Among the Ivy League schools, Yalies (like myself) take a lot of crap about going to school in New Haven. This is largely predicated on the New Haven of the past (late 80s, early 90s), which was a significantly more dangerous place.
But it really is a school in the middle of a city. The immediately surrounding areas have been cleaned up significantly (largely through the efforts of the University), but serious poverty is still only a few blocks away—and homelessness and crime often trickle their way onto campus.
It's a joke to other Ivy Leaguers that I lived off-campus my junior year and was about a block away from a shoot-out between cops and robbers. Tanstaafl, who went to high school in New Haven, was once notoriously asked "Did you spend the whole time ducking bullets?" when he arrived on the West Coast campus of his alma mater. But maybe that does Yalies some good?
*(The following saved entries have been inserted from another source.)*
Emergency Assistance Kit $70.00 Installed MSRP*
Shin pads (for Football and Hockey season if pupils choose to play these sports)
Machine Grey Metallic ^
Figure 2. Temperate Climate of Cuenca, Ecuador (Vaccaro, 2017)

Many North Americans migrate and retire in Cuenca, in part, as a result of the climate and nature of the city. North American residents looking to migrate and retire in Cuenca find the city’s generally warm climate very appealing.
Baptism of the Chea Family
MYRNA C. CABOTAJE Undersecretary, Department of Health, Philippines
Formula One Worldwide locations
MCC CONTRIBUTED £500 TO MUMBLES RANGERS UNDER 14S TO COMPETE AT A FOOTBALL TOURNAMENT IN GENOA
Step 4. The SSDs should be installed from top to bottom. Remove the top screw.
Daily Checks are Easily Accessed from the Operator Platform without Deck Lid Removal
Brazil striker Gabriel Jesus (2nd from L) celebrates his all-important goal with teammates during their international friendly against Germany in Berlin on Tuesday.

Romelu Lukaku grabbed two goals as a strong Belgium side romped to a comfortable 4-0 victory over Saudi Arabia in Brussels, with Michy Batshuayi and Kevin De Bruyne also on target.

From the Harvard Crimson comes a harrowing tale of fear and woe:
A few weeks ago, I witnessed a bizarre scene. As I crossed the Yard on my way to Lamont Library, I saw a dog stalking a squirrel while its owner stood close by. The dog crept forward stealthily, guided by an instinct that years of leashes and dog food could never completely suppress. Meanwhile, a crowd of bystanders gathered, titillated, perhaps, by the prospect of bloodshed, but at the same time confident that the dog would not succeed. Minutes passed. And then, with a rapidity and ferocity that shocked the onlookers, the dog pounced, caught the squirrel by its bushy tail, and proceeded to tear the helpless rodent to pieces. We gasped, not as much from horror as from disbelief. This was not supposed to happen.Heck, I'm pretty sure some Yalies hunt squirrels, not just their dogs—but that's besides the point.
Neither were the two armed robberies that recently took place on Harvard’s premises.
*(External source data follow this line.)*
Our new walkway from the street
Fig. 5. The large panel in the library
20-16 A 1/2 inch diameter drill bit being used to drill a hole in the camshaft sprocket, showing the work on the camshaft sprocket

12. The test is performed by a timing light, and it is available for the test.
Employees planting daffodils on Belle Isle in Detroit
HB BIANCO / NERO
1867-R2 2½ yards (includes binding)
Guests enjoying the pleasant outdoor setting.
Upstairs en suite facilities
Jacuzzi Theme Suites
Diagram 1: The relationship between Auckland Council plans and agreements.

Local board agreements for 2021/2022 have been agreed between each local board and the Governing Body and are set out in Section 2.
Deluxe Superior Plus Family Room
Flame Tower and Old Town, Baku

Much like dead squirrels, the idea of Harvard students being threatened with knives and umbrellas in the shadow of Widener Library is quite unsettling.
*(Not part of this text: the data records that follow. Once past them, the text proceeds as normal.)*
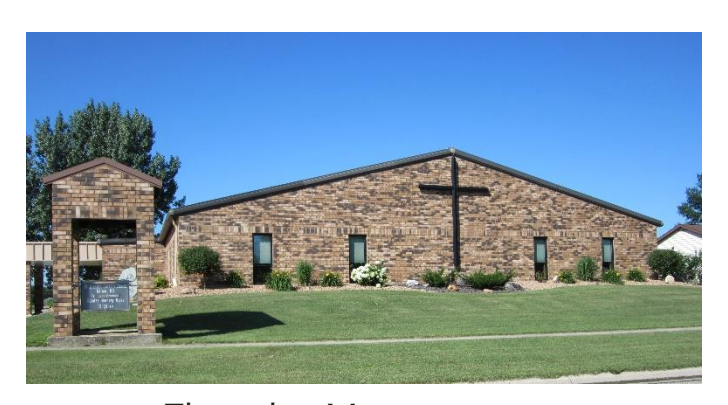
Thursday Mass: 9:00 a.m.

8:30 a.m. (Feb-Apr-Jun-Aug-Oct-Dec) 10:30 a.m. (Jan-Mar-May-Jul-Sep-Nov)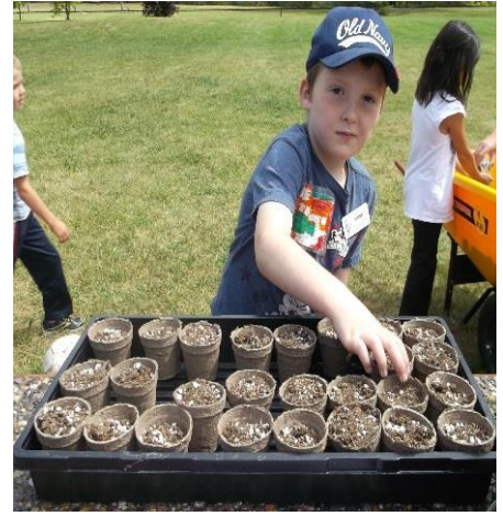
The Exploration Place – Explorers Urban Garden (2014)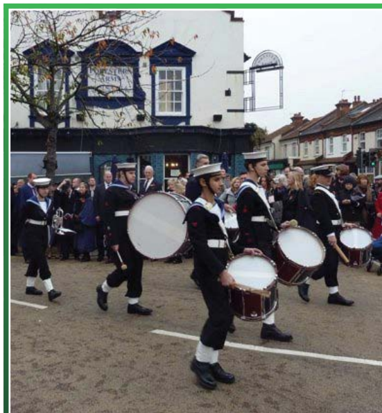
The Sea Cadets' Band at Remembrance Day 2010

The White Hart provides sandwiches and coffee to follow and all the other pubs will be open for those who want to stay and chat with friends and neighbours, particularly remembering those we have lost.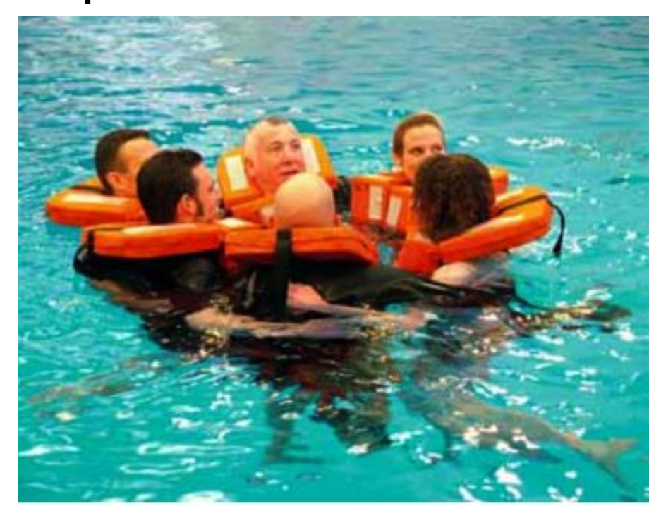
▲ Safety training for fishermen

Crime is not a constant on the Yale campus, but it is a reality. Yalies do not live in fear of it, but they act appropriately. For example, girls do not walk home alone late at night; they know better.
I don't have any evidence to suggest that Yale alumns approach the world more realistically than, say, Harvard students—but I do think that it's important to remember that not all education comes from classroom experience. Living with crime is part of the real world, and all too many college students are insulated from this reality.
How sad is it that Mr. Herz-Roiphe is so shocked that dogs eat squirrels and that thieves will target seemingly rich college students?
(We'll ignore the hilarity that an umbrella is considered by Harvard students to be a weapon used in armed robbery.)